I'm retiring my vagina. Better yet I'm Farve-ing it.
Def the best call fo sho
That way it can come out of retirement anytime and play for different teams. And it can wear Wranglers.
I'm glad my gym is open 24 hours..I stopped in on my way home to puke from the bar
we've been dating more than a month and i just realized there's no hair on his chest..
you've had sex with him. you must've seen him naked.
nah, i feel like naked sex would be getting too serious for us..
We drank a $4 handle of tequila until 5 am. Please think about that.
No matter what you may say to me. You will still be the guy that managed to get his own cum in his hair.
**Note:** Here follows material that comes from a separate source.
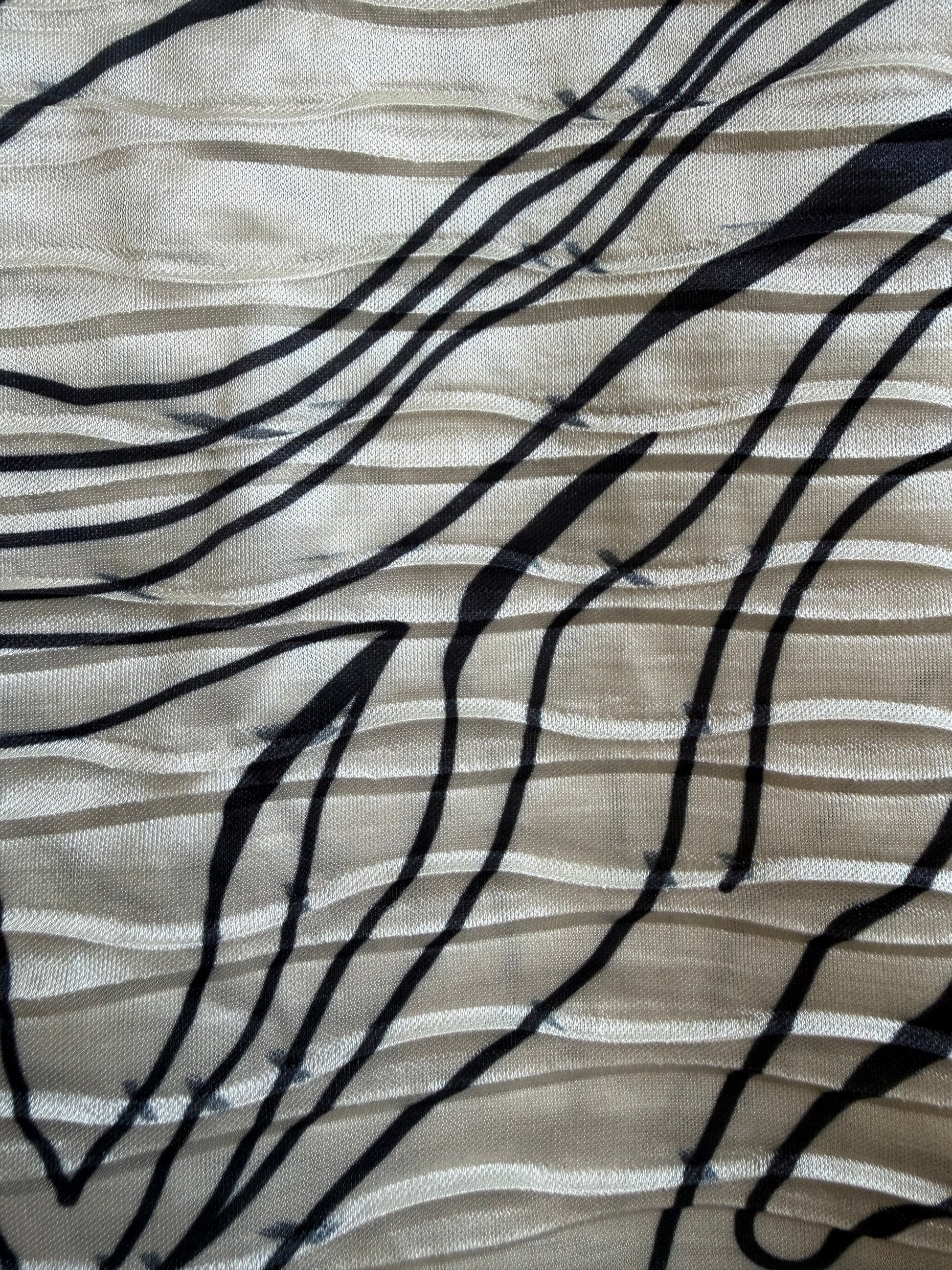 El top tiene una capa sobrepuesta al frente y en la espalda. El pantalón tiene un drapeado en la cadera que termina con una estola de lado hasta el piso. Viene largo para cortarlo a medida. Piezas limitadas.

I might never shower again without beer.. I might also always drink naked
He sent me $300 worth of sex toys. My clitoris went into hiding after two days.
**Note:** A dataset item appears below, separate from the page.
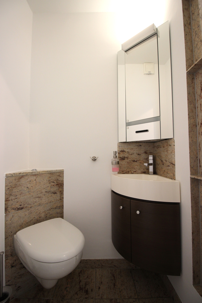 Ein kleiner Zwischenflur trennt Kinder- und Elternschlafzimmer sowie das geschmackvolle, fast luxuriöse Bad mit Badewanne und Dusche mit Echtglasabtrennung und Regendusche sowie Massagedusche vom Wohnbereich ab. Das Bad verfügt außerdem über eine Waschtischmöbeleinheit mit Echtsteinplatte. Außerdem ist hier eine elektrische Fußbodenheizung eingebaut.

You insisted on calling your mixture of Bacardi & powdered milk "a Jamacian Facial."
I deleted my history right in front of my girlfriend w/out her seeing. Let's go skydiving with no parachutes. I can live thru anything.
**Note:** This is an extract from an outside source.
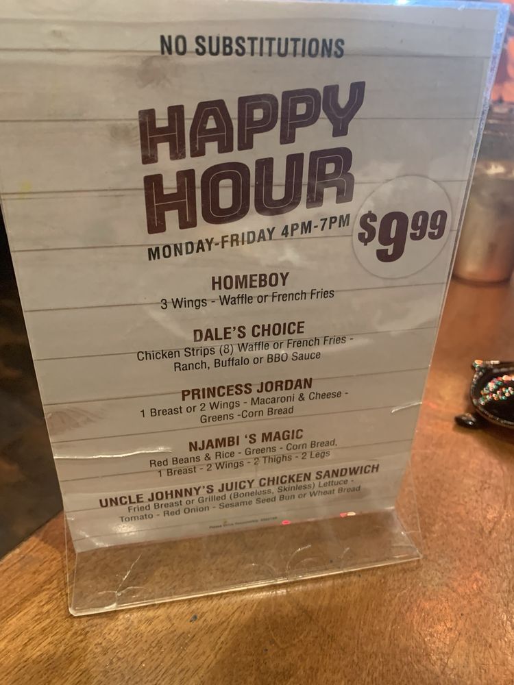 3 wings with a choice of a waffle or french fries (no substitutions).

Like what did he say to his host family? The girl I causally sleep with on the weekends is coming over?! And they thought "well lets feed her dinner"
Do you think I could get someone from tinder to drive me to the airport?
You're his holy grail. The moment he finally gets you to orgasm he'll probably just retire and become a monk.
Just called the boss a "cunt baguette". To her face. This is why I can't drink with people from work. Know of anywhere that's hiring?
I woke up under the stretchy sheet like the corners were still stuck under the bed. I had to wiggle the corners off in order to get up. I was trapped. how did that happen
After I chugged my beer the cop slapped my ass and said "atta girl" this can't be real life.